▶ MATERIAL PROVIDED:
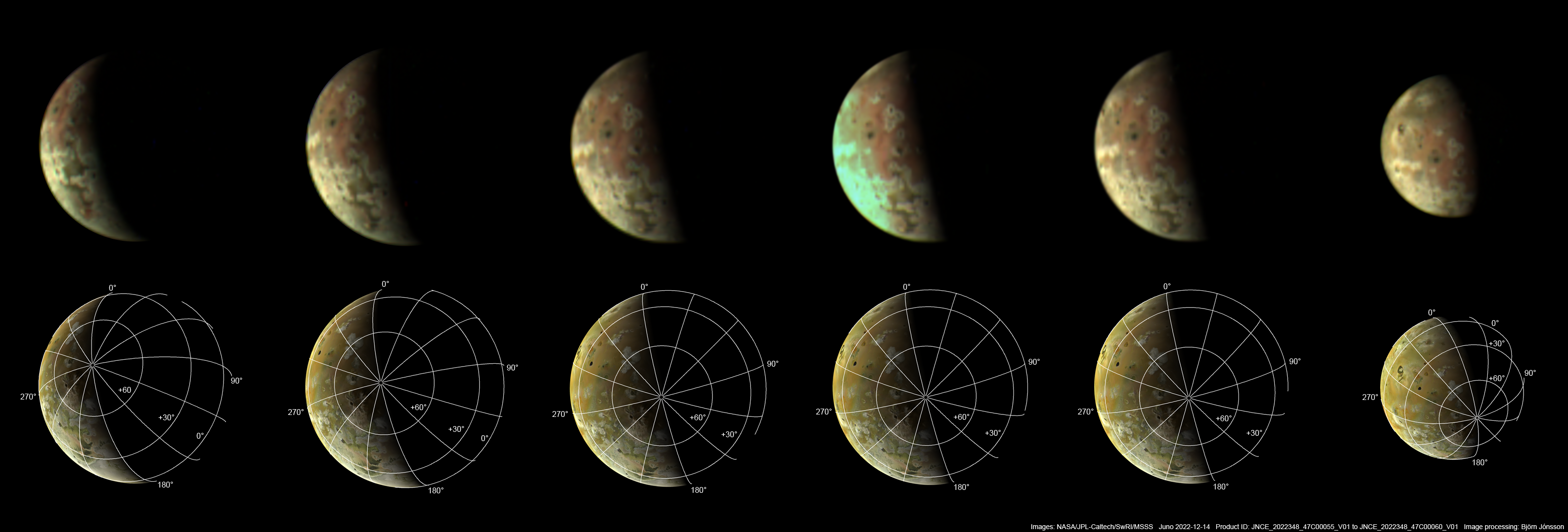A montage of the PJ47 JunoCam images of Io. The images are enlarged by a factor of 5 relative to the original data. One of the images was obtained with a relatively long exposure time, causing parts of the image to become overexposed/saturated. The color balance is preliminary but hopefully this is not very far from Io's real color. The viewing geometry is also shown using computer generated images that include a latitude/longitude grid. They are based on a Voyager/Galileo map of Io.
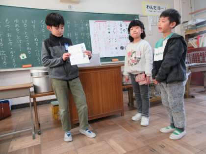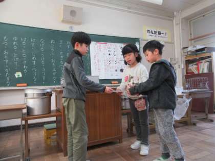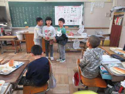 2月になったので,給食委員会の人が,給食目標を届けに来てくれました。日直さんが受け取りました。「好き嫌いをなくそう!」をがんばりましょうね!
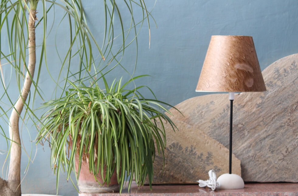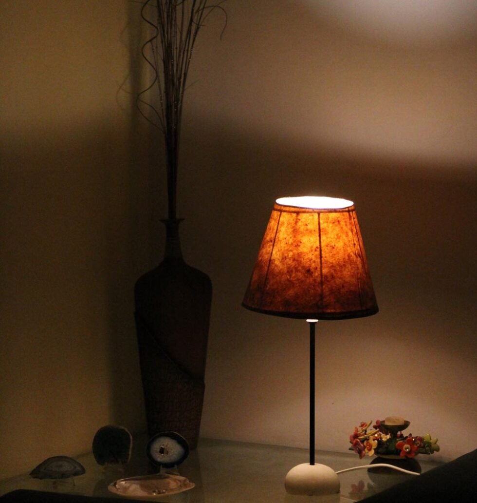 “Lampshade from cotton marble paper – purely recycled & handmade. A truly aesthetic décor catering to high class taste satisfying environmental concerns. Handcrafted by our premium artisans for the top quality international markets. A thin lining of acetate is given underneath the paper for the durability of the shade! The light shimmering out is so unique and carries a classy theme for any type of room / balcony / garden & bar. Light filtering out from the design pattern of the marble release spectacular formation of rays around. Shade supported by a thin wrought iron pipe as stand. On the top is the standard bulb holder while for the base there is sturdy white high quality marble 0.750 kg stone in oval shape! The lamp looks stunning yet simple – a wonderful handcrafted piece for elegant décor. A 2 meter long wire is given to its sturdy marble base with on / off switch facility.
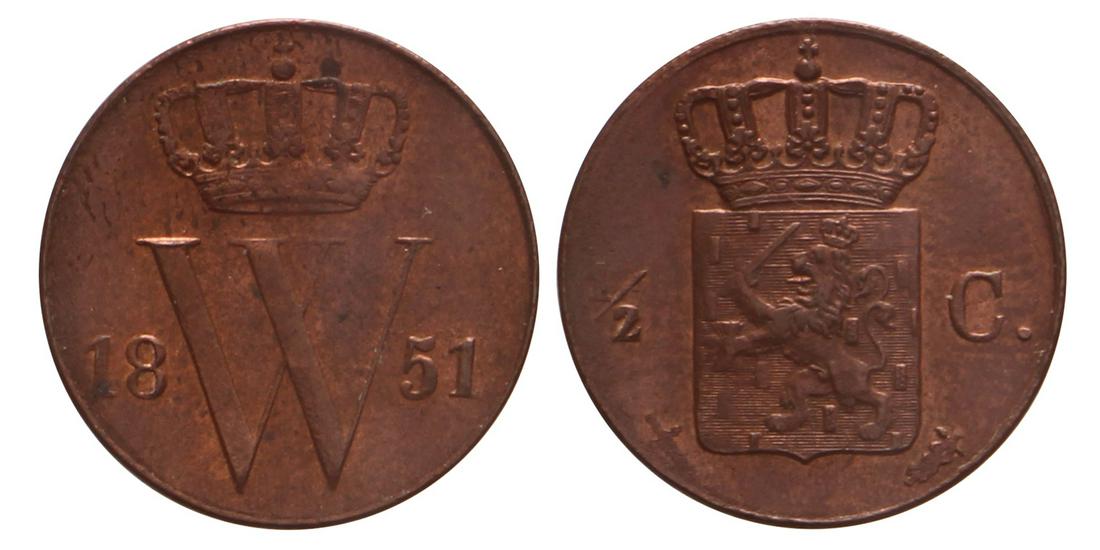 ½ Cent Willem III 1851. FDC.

▶ AIM OF THE TASK:
The expected output is an exact copy of the lines from the one holding "2月になったので,給食委員会" through the last line of the listing above, with the pictures omitted.

▶ ANSWER BELOW:
 2月になったので,給食委員会の人が,給食目標を届けに来てくれました。日直さんが受け取りました。「好き嫌いをなくそう!」をがんばりましょうね!
 “Lampshade from cotton marble paper – purely recycled & handmade. A truly aesthetic décor catering to high class taste satisfying environmental concerns. Handcrafted by our premium artisans for the top quality international markets. A thin lining of acetate is given underneath the paper for the durability of the shade! The light shimmering out is so unique and carries a classy theme for any type of room / balcony / garden & bar. Light filtering out from the design pattern of the marble release spectacular formation of rays around. Shade supported by a thin wrought iron pipe as stand. On the top is the standard bulb holder while for the base there is sturdy white high quality marble 0.750 kg stone in oval shape! The lamp looks stunning yet simple – a wonderful handcrafted piece for elegant décor. A 2 meter long wire is given to its sturdy marble base with on / off switch facility.
 ½ Cent Willem III 1851. FDC.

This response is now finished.